An increase in haircuts for retained covered bonds announced by the ECB yesterday (Thursday) has been seen by analysts as most relevant to peripheral issuers, although mitigants were also cited and an overall improvement in haircuts highlighted.

Mario Draghi imageAs well as benefiting from reductions in haircuts for many categories within the ECB’s collateral framework, asset backed securities were targeted by other measures aimed at helping the securitisation market.

At the same time, the ECB announced additional haircuts for retained covered bonds of 8% for those rated AAA to AA- and 12% for BBB+ to BBB- issues.

IM Titulizacion, which runs the IM Cédulas programmes as well as securitisations, said that the changes “represent a clear improvement in the treatment of ABS while penalising the use of retained covered bonds”.

According to Bernd Volk, head of covered bond research at Deutsche Bank, the use of covered bonds as ECB collateral increased from Eu401.1bn in the first quarter of 2012 to Eu468.8bn in the first quarter of 2013, while the use of ABS had declined from Eu407.3bn to Eu337.9bn in the same period.

“The ECB is trying to stem the increasing relative importance of retained covered bonds used for ECB repo,” said Volk.

Jan King, senior covered bond analyst at RBS, highlighted the impact of the move on some peripheral issuers.

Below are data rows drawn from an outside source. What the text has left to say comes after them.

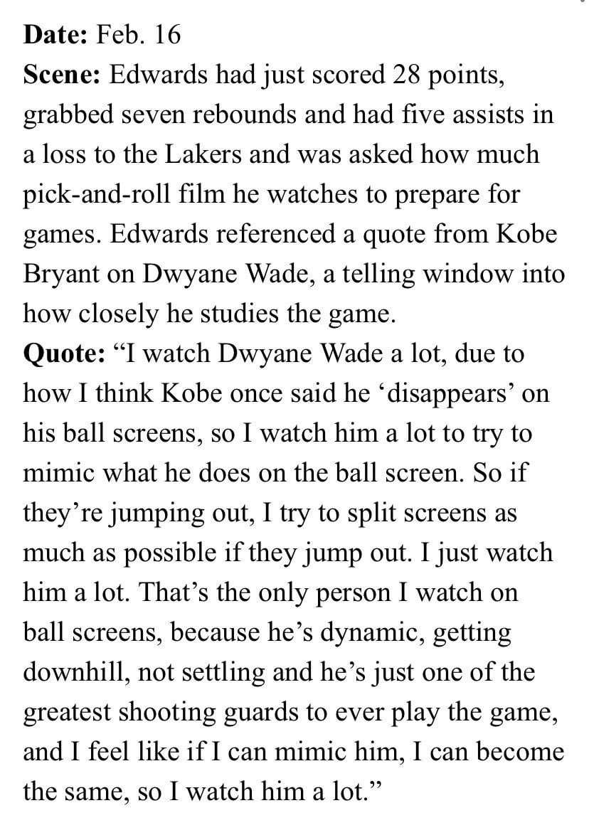 "I watch @DwyaneWade a lot, due to how Kobe once said he ‘disappears' on his ball screens. That's the only person I watch on ball screens, b/c he's dynamic, getting downhill…he's one of the greatest SGs ever. I feel like if I can mimic him, I can become the same” @theantedwards_ https://t.co/h5iQtP0aKV pic.twitter.com/vJo9NEzZjH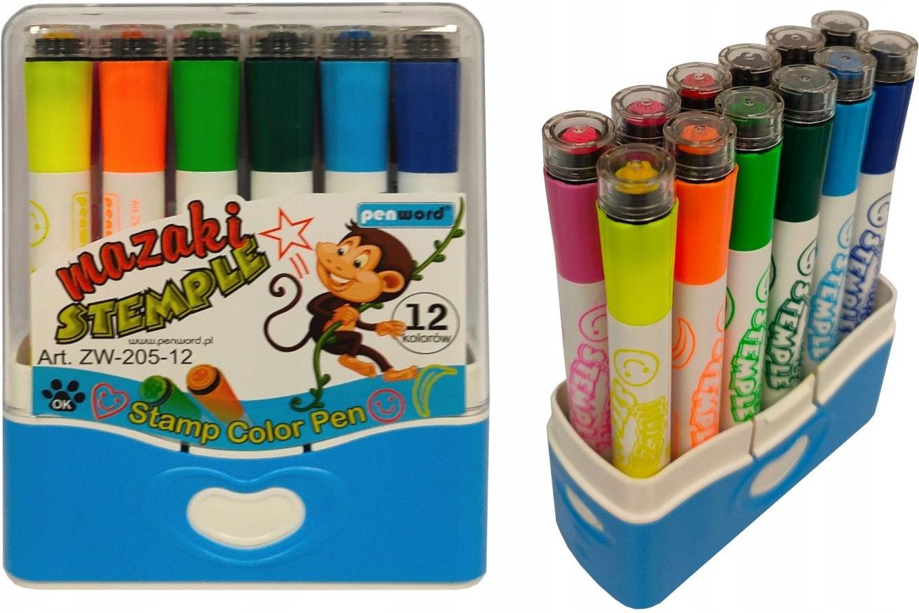 Mazaki ze stempelkami Pisaki ze Stempelkami - 12 Kolorów To idealne rozwiązanie do rysowania, pisania i ozdabiania. Cechy produktu Tusz na bazie wody – bezpieczny i łatwo zmywalny. Wentylowana zatyczka – zapewnia możliwość oddychania w przypadku połknięcia, co zwiększa bezpieczeństwo użytkowania. Grubość linii pisania: 1-3 mm. Średnica pieczątki: 8 mm. Zestaw zawiera 12 intensywnych kolorów. Zgodne z wymaganiami UE – bezpieczne dla dzieci. Dostępne opakowania w dwóch kolorach: niebieskim i różowym. Idealne do szkoły, domu i kreatywnych zabaw!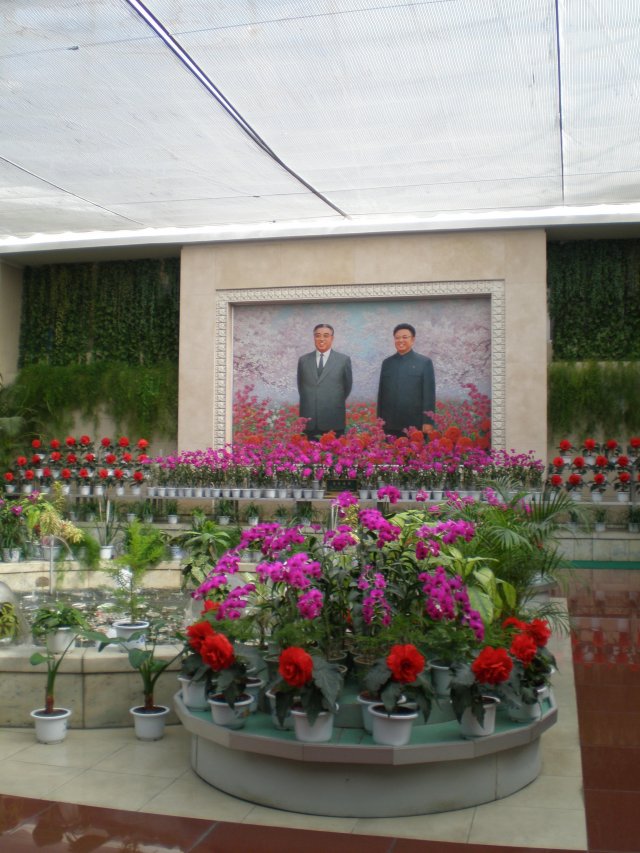 Это выставка цветов, здесь цветы двух видов. Это цветы кимирсенхва и кимченирхва, маленькие цветы ? это кимирсенхва, а большие цветы ? это кимченирхва. История цветов очень интересная, потому что цветы вывели два сторонника чучхе в Индонезии и Японии. Кимирсенхва вывел революционер, живший в Индонезии во времена Сухарто, он вывел этот цветок и подарил товарищу Ким Ир Сену. Но после того как к власти пришел Сухарто, цветок исчез и только вот недавно был найден снова и возвращен как бы в Северную Корею. И сейчас он является символом чучхе и символом товарища Ким Ир Сена. Кимченирхва вывел чучхеист из Японии, японец, который подарил этот цветок товарищу Ким Чен Иру.

“The additional valuation haircuts for retained covered bonds will predominantly affect Spanish and Italian issuers who have made use of this instrument to a larger extent, particularly last year at times when primary market access had been shut,” he said, although he noted that parts of these bonds have subsequently been redeemed.

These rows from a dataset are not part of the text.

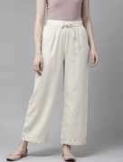 An amazing range of womens fusion wear in soft and solid colors that looks perfect for regular wear. With beautiful designs and patterns. These apparels are very stylish and comfortable too. Get rid of the regular look this season wearing Palazzo by AMIRA'S INDIA ETHNIC WEAR. This Off-White Straight Solid Palazzo from AMIRA'S INDIA ETHNIC WEAR exhibits qureshia lace along with drawstring and elastic closure. Tailored from Cotton Flax. Product Length: 38 Inches.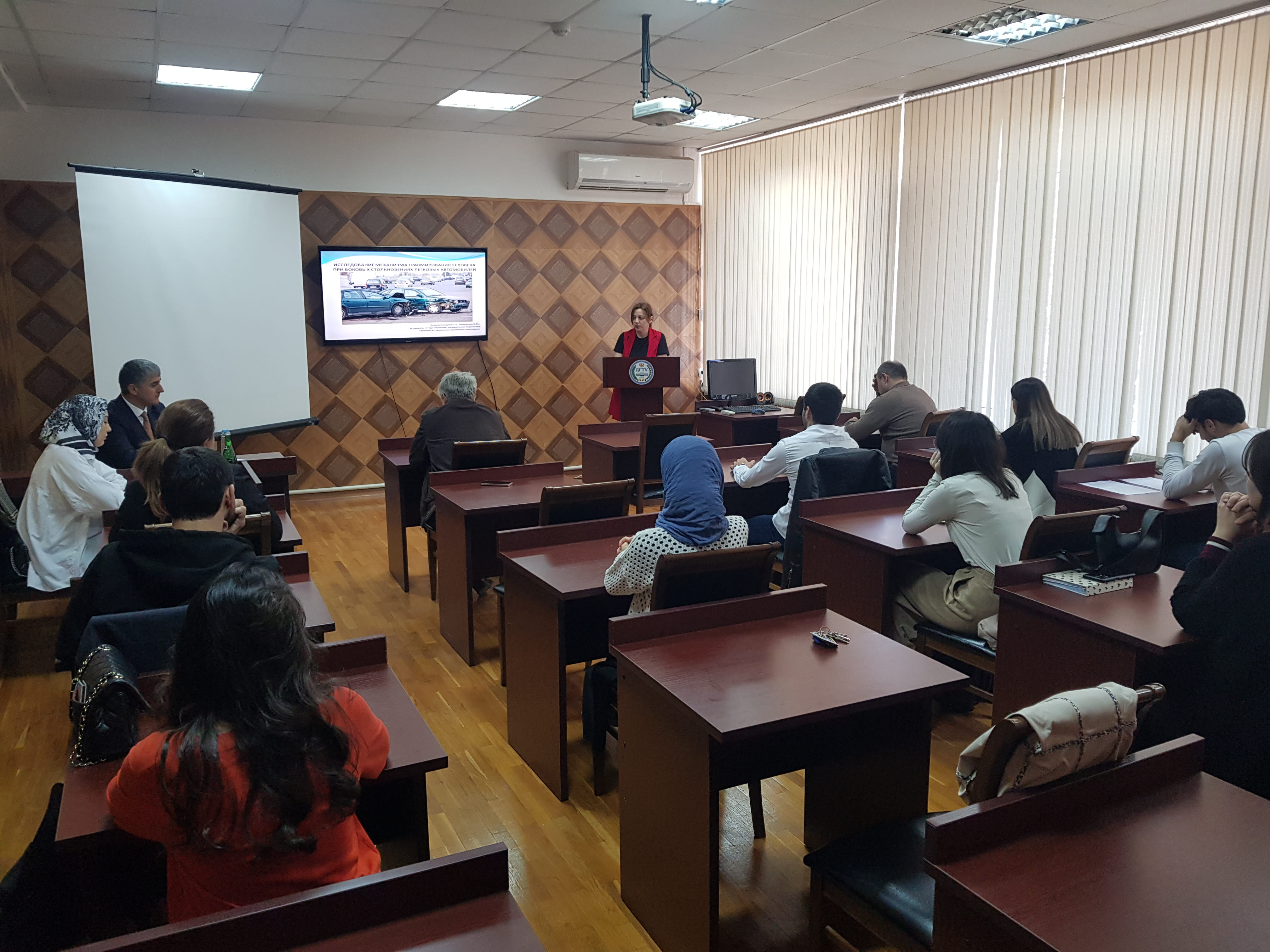 С приветственным словом выступил руководитель секции, декан факультета права и управления на транспорте Эдвард Батманов. Далее с докладом «Исследование механизма травмирования человека при боковых столкновениях легковых автомобилей» выступили аспиранты 2-го года обучения Назиле Алимагомедова и Камилла Батманова, которые отметили, что основой для разработки критериев оценки безопасности конструкции автомобиля и вероятности тр авмирования водителя и пассажиров являются иссле дования биокинематики и б иодинамики ДТП. В своем выступлении аспирант 3-го года обучения Патимат Дадаева привела данные проведенных исследований биомеханики фронтальных столкновений легковых автомобилей и сформулировала основные функциональные требования к элементам системы обеспечения пассивной безопасности. Аспиранты кафедры организации и безопасности движения Зумруд Абдулаева, Наргиза Мирзаханова и Ризван Расулов в своем докладе отметили, что только комплексные исследования могут позволить определить истинные причины ДТП и наметить эффективные мероприятия по повышению безопасности дорожного движения. Провели анализ существующих методов сбора и анализа данных о ДТП. Аспирант 3-го года обучения Марат Шабазов выступил с докладами: «Безопасность и структура дорожного движения» и «Организация движения при проведении дорожных работ».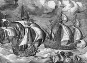 Three Men Of War In A Tempest, Sailing To Right (hollstein 105; Lebeer 48)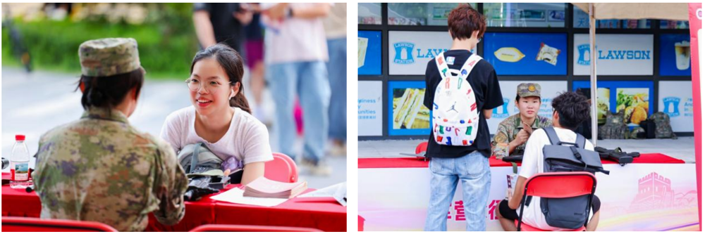 活动现场还设有征兵咨询摊位。退役学生志愿者在现场“坐班”,为有入伍意向的同学提供“一对一”咨询服务。从入伍条件、报名流程、优待政策,到军旅生活日常等,工作人员都进行了详细解答,并分享了自身军旅经历和心得体会。

Another analyst saw the additional charges for retained covered bonds as potentially having a strong adverse impact, with the 12% markdown affecting issuers of covered bonds of credit quality step 3.

“That will be pretty painful for those that are heavy users,” he said, “and there will be some pressure to replace the funding they lose.”

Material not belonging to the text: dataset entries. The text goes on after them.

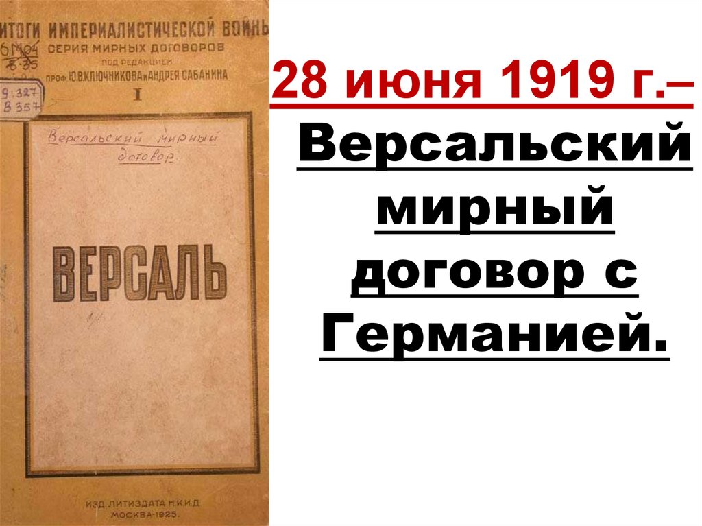 Версальский мирный договор 1919г. – итоговый документ Парижской мирной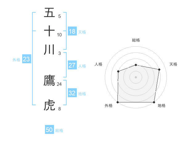五十川 鷹虎さんを姓名の画数から五運を鑑定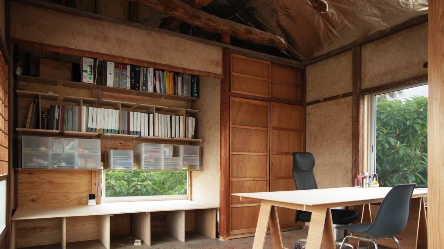 この家には下屋や出窓など「突出したボリューム」がある。これらのボリュームを建築的にどう扱うかが一つの主題でもあった。家の中心的な空間は1階の土間だが、「突出したボリューム」が土間と外部環境をそれぞれ異なる方法で関係づけることで、建築全体の豊かさを引き立てられると考えた。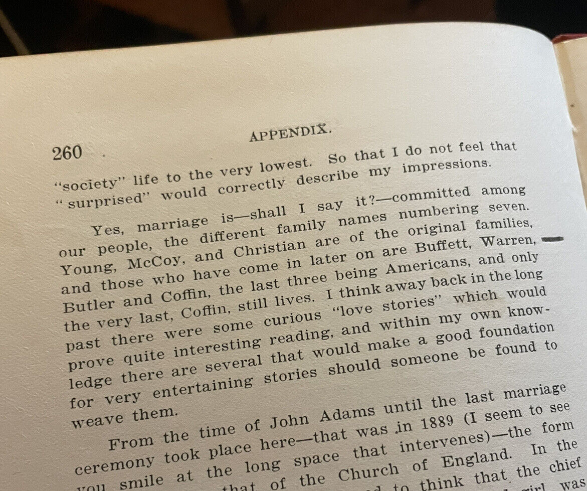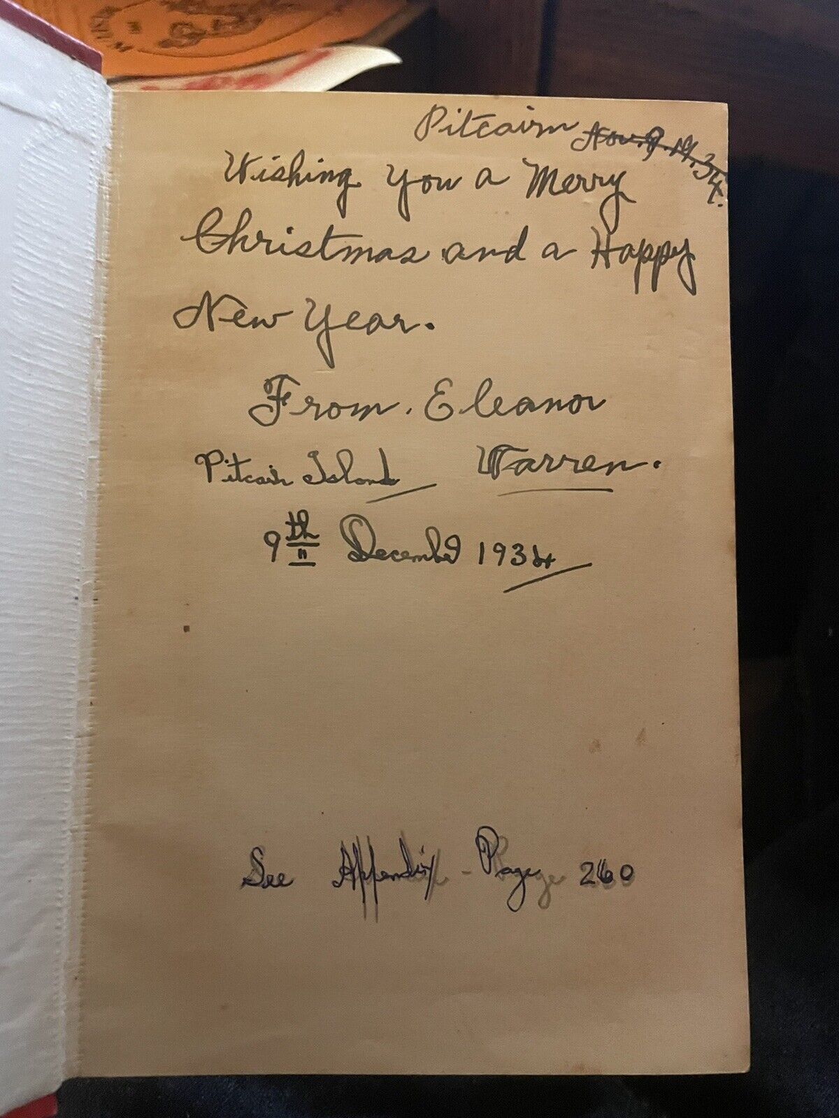 This book has an interesting inscription on the front endpaper revealing that the book was gifted to somebody for xmas in 1934 from an Eleanor Warren who was also a daughter of Pitcairn Island . . below her inscription somebody has writen a note pointing the reader to page 260 of the Appendix where they will find the family name, Warren (see last two photo provided above).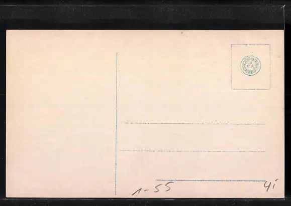 Personenbezogene Daten auf der Rückseite der Karte wurden durch blauen Textmarker unkenntlich gemacht. Die blauen Stellen sind auf die Vorderseite durchgeweicht und wirken sich negativ auf das Postkartenfoto aus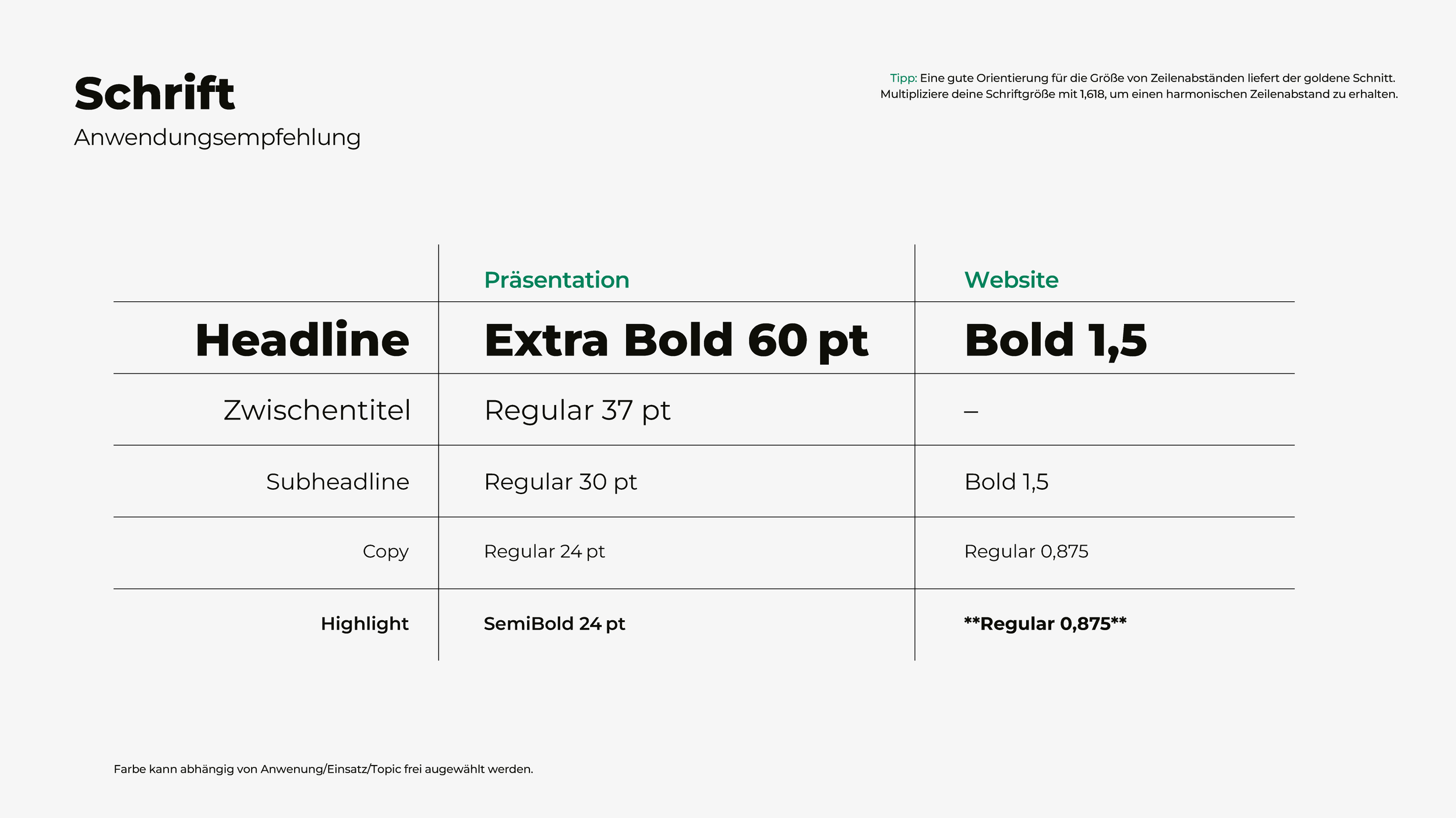 Keine 50-seitige Design-Bibel. Ein schlanker Leitfaden mit dem Nötigsten: Logo-Anwendung, Farbcodes, Schriftempfehlungen. Praktisch, nicht theoretisch.

However, he also identified some mitigants, such as the ECB’s Emergency Liquidity Assistance (ELA), which could allow some issuers to cope with the changes.

He suggested that issuers could potentially release collateral from repos using higher quality assets, and then replace what the funding they have lost by submitting lower quality collateral to the ELA scheme, which has more lenient criteria.

Michael Schulz, head of fixed income research at NordLB, played down the impact of the higher charges for retained covered bonds, saying that although some issuers in peripheral jurisdictions will be affected national central banks will probably step in to mitigate the impact of the ECB’s move.

“I expect that national central banks will close any potential refinancing gap that arises, and that a significant negative impact will therefore be avoided,” he said.

Deutsche’s Volk said that despite the focus on the relative improvement for ABS, the ECB could continue to be regarded as a friend to covered bonds.

“In our view, the adjusted haircut schedule confirms the supportive stance of the ECB regarding covered bonds (by lowering haircuts for most non-retained issues) but tries to balance the use of retained covered bonds versus ABS,” he said.

And NordLB’s Schulz saw the changes to the collateral rules are a positive signal that the ECB is seeking to support private sector financing of the real economy.

“What the ECB is doing fits 100% with what the European Commission said in its green paper about getting credit flowing to infrastructure projects and businesses,” he said, “and doing so via market financing.”